◆ Work item
When you reach the line in the data below that contains "1月23日,上海市政府网站发", please start repeating lines exactly, and stop after the line that contains "为了验收平整度,验收工程师有", repeating nothing else.
** Records supplied follows **
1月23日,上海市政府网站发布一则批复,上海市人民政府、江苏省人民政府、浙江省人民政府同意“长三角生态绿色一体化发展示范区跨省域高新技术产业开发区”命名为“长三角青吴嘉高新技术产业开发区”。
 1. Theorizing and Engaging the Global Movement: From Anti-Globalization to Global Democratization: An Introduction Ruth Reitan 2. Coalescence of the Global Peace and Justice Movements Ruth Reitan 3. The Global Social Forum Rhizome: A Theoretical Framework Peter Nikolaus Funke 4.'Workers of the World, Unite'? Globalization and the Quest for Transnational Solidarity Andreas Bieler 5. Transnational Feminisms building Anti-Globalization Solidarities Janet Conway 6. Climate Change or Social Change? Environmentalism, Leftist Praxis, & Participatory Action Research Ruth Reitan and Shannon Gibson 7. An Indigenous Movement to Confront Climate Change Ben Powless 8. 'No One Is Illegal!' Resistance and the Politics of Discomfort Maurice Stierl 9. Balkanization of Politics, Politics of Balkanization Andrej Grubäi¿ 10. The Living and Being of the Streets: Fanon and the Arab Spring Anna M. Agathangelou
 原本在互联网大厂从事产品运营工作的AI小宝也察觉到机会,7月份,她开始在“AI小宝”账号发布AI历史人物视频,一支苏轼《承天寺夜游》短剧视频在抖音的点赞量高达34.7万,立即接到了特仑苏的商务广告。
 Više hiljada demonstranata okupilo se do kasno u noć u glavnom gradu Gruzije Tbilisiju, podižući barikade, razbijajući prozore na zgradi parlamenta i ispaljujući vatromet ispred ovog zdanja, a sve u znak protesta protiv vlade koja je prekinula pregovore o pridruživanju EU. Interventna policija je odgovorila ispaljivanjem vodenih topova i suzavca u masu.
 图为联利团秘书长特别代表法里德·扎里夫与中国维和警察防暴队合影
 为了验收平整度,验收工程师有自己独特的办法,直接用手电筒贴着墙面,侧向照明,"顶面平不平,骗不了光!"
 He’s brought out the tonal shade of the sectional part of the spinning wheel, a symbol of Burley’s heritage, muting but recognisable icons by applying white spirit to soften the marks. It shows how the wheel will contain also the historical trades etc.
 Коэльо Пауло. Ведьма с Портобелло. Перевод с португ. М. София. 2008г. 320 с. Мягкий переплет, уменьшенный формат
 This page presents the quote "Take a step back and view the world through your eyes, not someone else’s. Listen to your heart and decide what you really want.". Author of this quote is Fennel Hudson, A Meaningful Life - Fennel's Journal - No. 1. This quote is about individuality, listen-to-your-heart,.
** End of Records supplied **
** Records supplied follows **
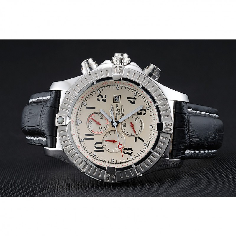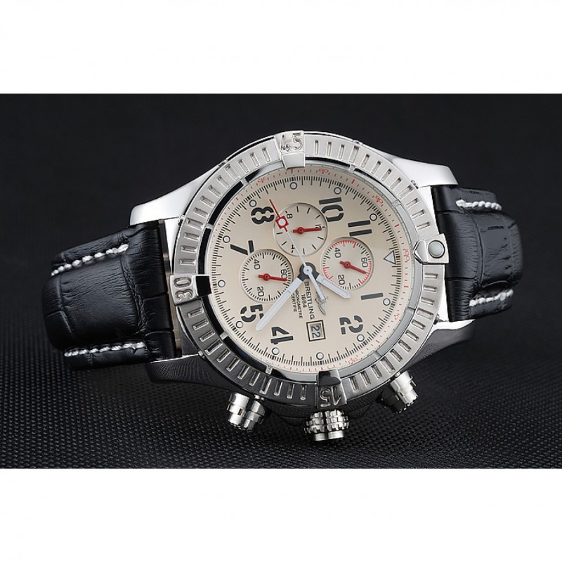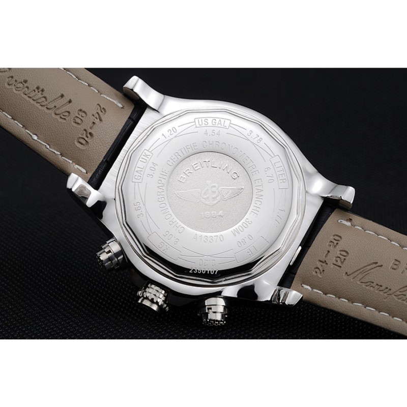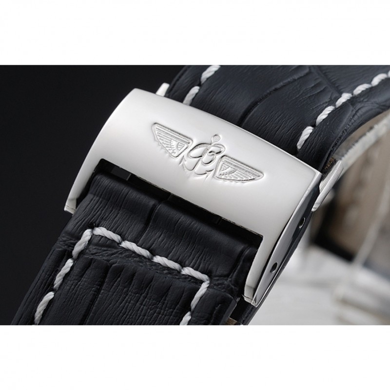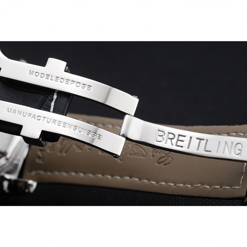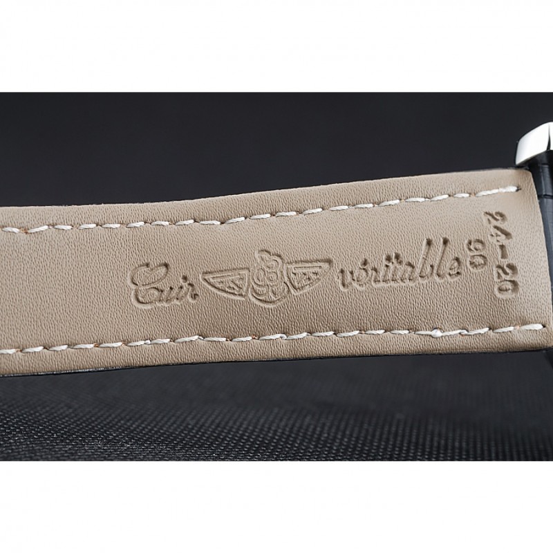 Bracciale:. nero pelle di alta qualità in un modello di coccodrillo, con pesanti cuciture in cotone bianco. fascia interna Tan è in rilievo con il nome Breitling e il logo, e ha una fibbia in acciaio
** End of Records supplied **
◆ Reply
1月23日,上海市政府网站发布一则批复,上海市人民政府、江苏省人民政府、浙江省人民政府同意“长三角生态绿色一体化发展示范区跨省域高新技术产业开发区”命名为“长三角青吴嘉高新技术产业开发区”。
 1. Theorizing and Engaging the Global Movement: From Anti-Globalization to Global Democratization: An Introduction Ruth Reitan 2. Coalescence of the Global Peace and Justice Movements Ruth Reitan 3. The Global Social Forum Rhizome: A Theoretical Framework Peter Nikolaus Funke 4.'Workers of the World, Unite'? Globalization and the Quest for Transnational Solidarity Andreas Bieler 5. Transnational Feminisms building Anti-Globalization Solidarities Janet Conway 6. Climate Change or Social Change? Environmentalism, Leftist Praxis, & Participatory Action Research Ruth Reitan and Shannon Gibson 7. An Indigenous Movement to Confront Climate Change Ben Powless 8. 'No One Is Illegal!' Resistance and the Politics of Discomfort Maurice Stierl 9. Balkanization of Politics, Politics of Balkanization Andrej Grubäi¿ 10. The Living and Being of the Streets: Fanon and the Arab Spring Anna M. Agathangelou
 原本在互联网大厂从事产品运营工作的AI小宝也察觉到机会,7月份,她开始在“AI小宝”账号发布AI历史人物视频,一支苏轼《承天寺夜游》短剧视频在抖音的点赞量高达34.7万,立即接到了特仑苏的商务广告。
 Više hiljada demonstranata okupilo se do kasno u noć u glavnom gradu Gruzije Tbilisiju, podižući barikade, razbijajući prozore na zgradi parlamenta i ispaljujući vatromet ispred ovog zdanja, a sve u znak protesta protiv vlade koja je prekinula pregovore o pridruživanju EU. Interventna policija je odgovorila ispaljivanjem vodenih topova i suzavca u masu.
 图为联利团秘书长特别代表法里德·扎里夫与中国维和警察防暴队合影
 为了验收平整度,验收工程师有自己独特的办法,直接用手电筒贴着墙面,侧向照明,"顶面平不平,骗不了光!"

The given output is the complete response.